- Born: 15 September 1969 Lyon, France
- Died: 3 May 2024 (aged 54) Mallorca, Spain
- Education: Diplôme national de licence [fr]
- Occupations: Journalist Television presenter

= Géraldine Carré =

French journalist and television presenter (1969–2024)

Géraldine Carré (15 September 1969 – 3 May 2024) was a French journalist and television presenter. She was also a voice actress, providing dubs for documentaries and advertisements. She published a book on motherhood with Alix Girod de l'Ain in 1998.

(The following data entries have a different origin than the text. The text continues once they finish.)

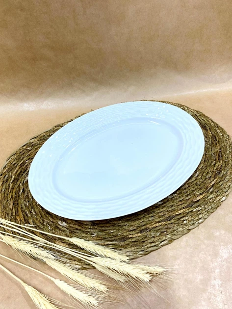 Тарілка велика блюдо Olens "Retro" 28 см кераміка блакитна овальна для дому та ресторанів
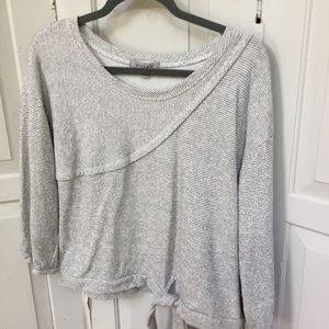 Grey & Gray slightly cropped gray and white striped 3/4 sleeve sweatshirt that ties at waist.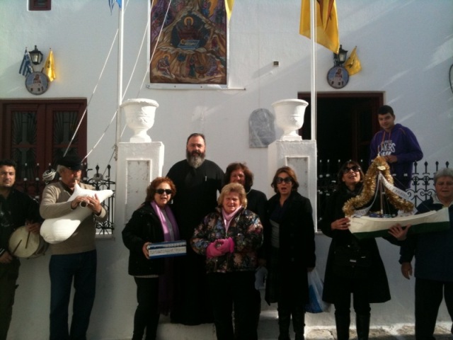 Τα πρωτοχρονιάτικα κάλαντα από το σύλλογο γυναικών Μυκόνου στο Αρχιερατικό Επίτροπο Μυκόνου, Πρωτοπρ. Βασίλειο Τζανιδάκη.Ιερά Μητρόπολις Σύρου, Τήνου, Άνδρου, Κέας, Μυκόνου, Μήλου, Σίφνου, Σερίφου, Κιμώλου, Κύθνου, Φολεγάνδρου, Σίκινου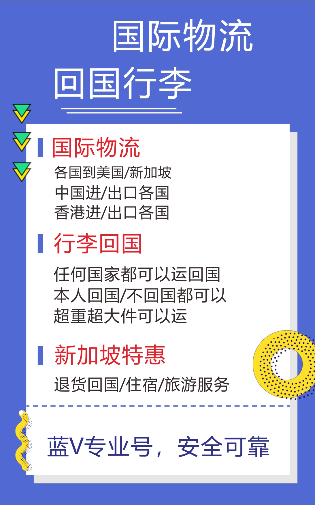 新加坡行李回中國,本人回國21公斤起,6.8新元/公斤,F(xiàn)EDEX官方渠道,免稅包清關,免費上門提貨,具體說明>>>>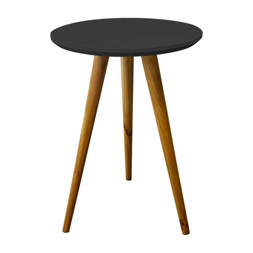 Mesa de Apoio / Lateral Retrô Redonda com Pés Palito Decoração sem uso de ferramentas PRETA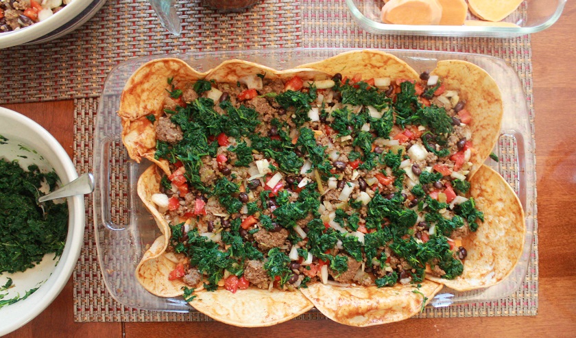Corn tortillas are soaked in enchilada sauce and used to line the pan. Then layers of sweet potatoes, veggie crumbles, spinach and more enchilada sauce are added until you have a casserole dish you can barely lift off the table. Oh yeah, it’s a good workout too!

Carré began her career on radio in 1990 on Europe 2 and hosted shows until 2002. In 1994, she joined television on Paris Première, TF1, and France 2, and Canal+.

==Biography==
Born in Lyon on 15 September 1969, Carré completed her secondary education in 1987 before earning a Diplôme national de licence in modern literature. She joined the Agence France Presse in 1988 and lived in Lyon, doing freelance journalism with local newspapers and magazines. She then hosted two daily shows for Europe 2 once she joined radio: Sortir and Vas-y, moi j'en viens. In addition to her time at Europe 2, she also held a stint at Europe 1.

In 1994, Carré joined television with Paris Première, hosting a weekly talk show titled Tout-Paris. In 1996, she joined the set of Télé qua non on France 2 with Christophe Dechavanne. The following year, she joined Daniela Lumbroso on Et si ça vous arrivait for TF1. From 2001 to 2003, she hosted Confessions intimes on TF1. From September 2003 to June 2004, she presented the daily show La vie en clair on Canal+, a show produced by Réservoir Prod.

Carré was married to Patrick Bauer and was the mother of four children. She lived in Mallorca, Spain, and died there from cancer in May 2024, at the age of 54.